No question about it, I will need more money from my parents after break. Right now I have just the amount I need in order to get home. Oh, and I plan on cutting my hair for Locks of Love over break, which will cost for the haircut and the shipping. My parents will pay, but still...why is it so hard to save money?!

Saturday, March 20, 2010

The Challenge Day 27/28

First of all, I have been numbering a day behind since about Day 21. Today is in fact Day 28.

Now that we have that settled...

Today in Shabbat services, I suddenly realized, "Oh, my God, I'll be wearing the same two skirts every week." The only way I could overcome this sudden horror was to remind myself that I got along fine with one skirt on my program last summer. This incident demonstrates the necessity of inner conviction when changing lifestyles.

Also, tonight at a school thing I tie-dyed a t-shirt. I will be giving up a plain red t-shirt to make room for it.

Friday, March 19, 2010

Update on Shoe Drive and the Challenge Day 26

My shoe drive is going quite well. I have gotten three donations already, five more people have offered me shoes, and I will gather my family's when I'm home over break. One of the faculty members here at school has offered to put a box in her classroom for faculty donations, and of course I said yes!

The hardest part of The Challenge to save money for Haiti relief right now is...I want to give now!
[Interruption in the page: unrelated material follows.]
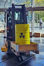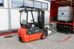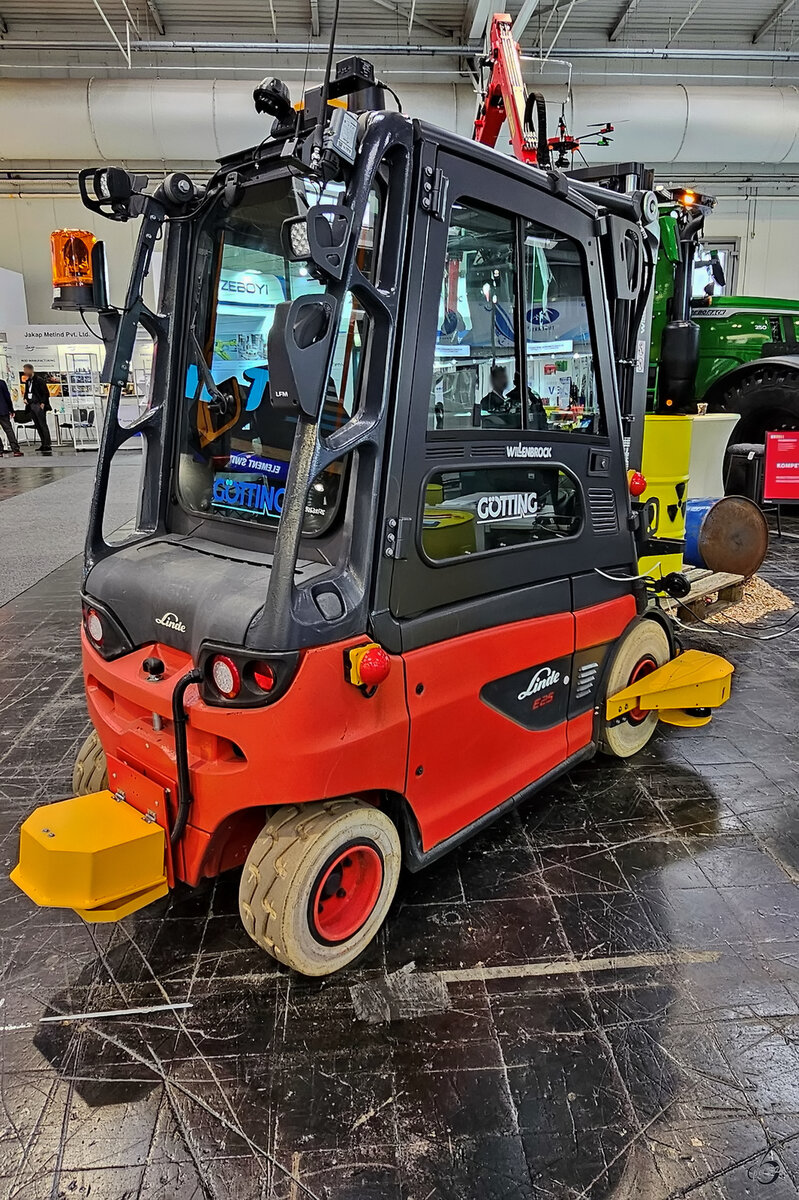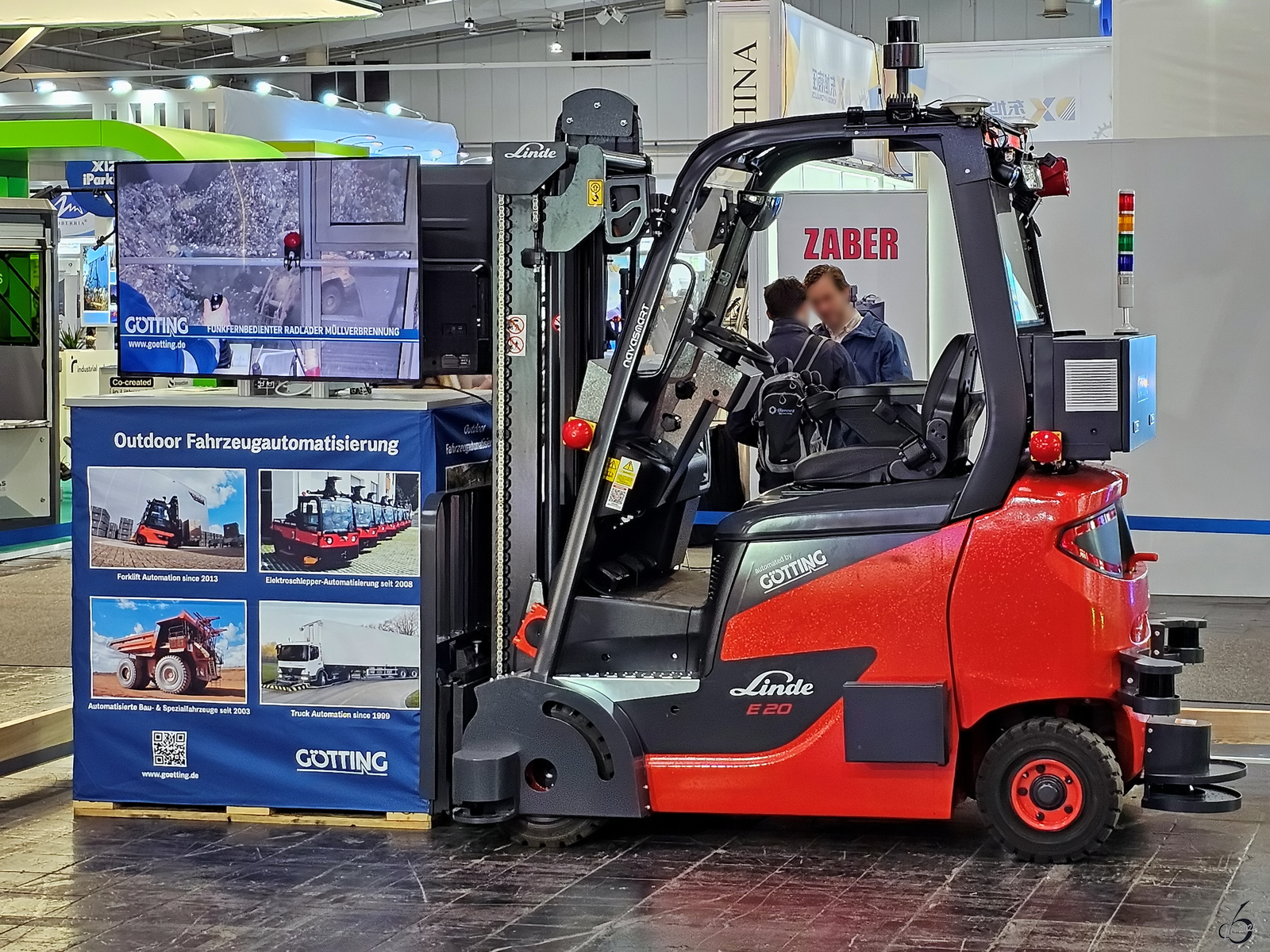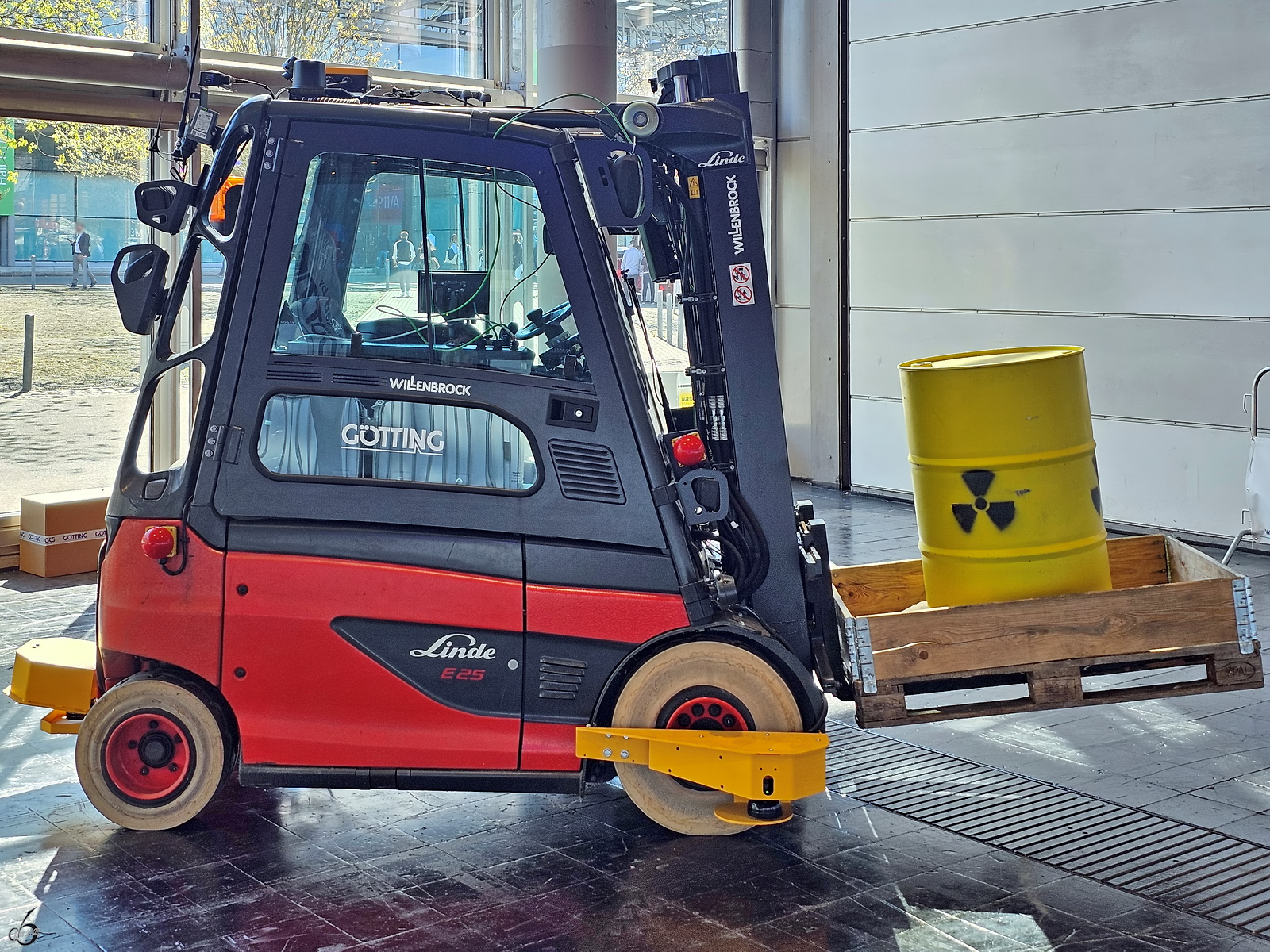 Dieser fernsteuerbare Gabelstapler E25 von Linde soll in Gefahrenbereichen zum Einsatz kommen. (Messe Hannover, April 2025)

There are so many worthy causes out there...I just want to give...I don't know if I can hold out on not donating until the end of the year.

Thursday, March 18, 2010

The Challenge Day 25

The other day I figured out how to both get a gift for my next birthday (18) and still donate all my gift money to charity. I don't know whether I will actually find this satisfactory; we'll have to see.

I am knitting myself a scarf. It is a lot of work, and I have no doubt that I will not be able to wait patiently to wear it once it's done.

So I will hide it, in a gift bag, until my birthday in February.

Happy birthday to me!

ADDED:

I do find it interesting how well adjusted I am to this Challenge compared to how well adjusted I am to giving away my things. I barely notice The Challenge anymore--really!--while I really want my stuff back. It's not that I really want anything in particular (well, except for one sweater, and that's a long story) back, I'm just stuck in the consumer mindset of wanting STUFF.

Tuesday, March 16, 2010

The Challenge Day 23

I am going through my room and donating a lot to Goodwill. I just have too much...stuff, especially clothes. I do not need so much clothing when so many people in the world go partially naked. I kept enough clothing to get through a week, plus ten sentimental items, and packed up the rest. It came to three and a half bags.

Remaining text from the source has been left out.